Students will be divided into a group of around 5-6 students. Each group is assigned to a project (according to the preference and skills of each groups).

At the end of the project, the students are expected to provide:

  • Source code of library/program in a gitlab repository
  • Documentation of how to use and install the software (API, command line...)
  • A group report describing the work that has been accomplished (which algorithms are used, what kind of results were obtained...)
  • An individual list of contributions to the project.

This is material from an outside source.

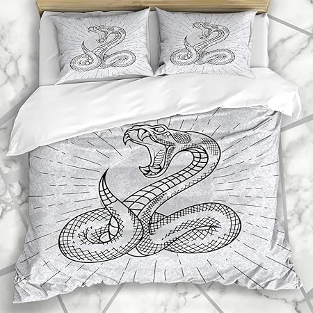 Set Copripiumino Pericolo Serpente A Sonagli Serpente Vipera Contorno Disegnato A Mano Tatuaggio Vintage Disegno A Serpente Cobra Design Bianco Biancheria Da Letto In Microfibra Con 2 Fodere Per Cusci Amazon It Casa
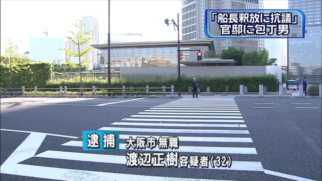 海上保安庁の巡視船に衝突した疑いのある中国漁船の船長の釈放に抗議するため、総理官邸を訪れた男が刃物を所持していたとして、警視庁に逮捕されました。

Important: the deadline for the selection of projects is Wednesday 3th of September 2025 at 13:00, you need to send me an email (mattias.tiger at liu.se) with the following information:

  • The group number from webreg.
  • A ranked list of all projects (details on the projects below)
Use the following subject in the email: TDD19 - Project selection


Project list

1) Semantic Mapping

Customer/Supervisor: Piotr Rudol


(Image from WARA-PS)

Context: the goal of this project is to explore the use of machine learning to build semantic map of the environment using ground robotic system such as Boston Dynamics Spot robot operating in an indoor environment. Such map would include locations of detected objects, for example TV, chair, desk, vehicle, etc. The task could be achieved using vision-based CNN models in combination with sensor fusion algorithms such as Extended Kalman Filter. Semantic information would be stored in the robot’s knowledge database using Resource Description Framework (RDF) Graphs. Initially, the work would be performed on pre-recorded log files, with the possibility of running and test.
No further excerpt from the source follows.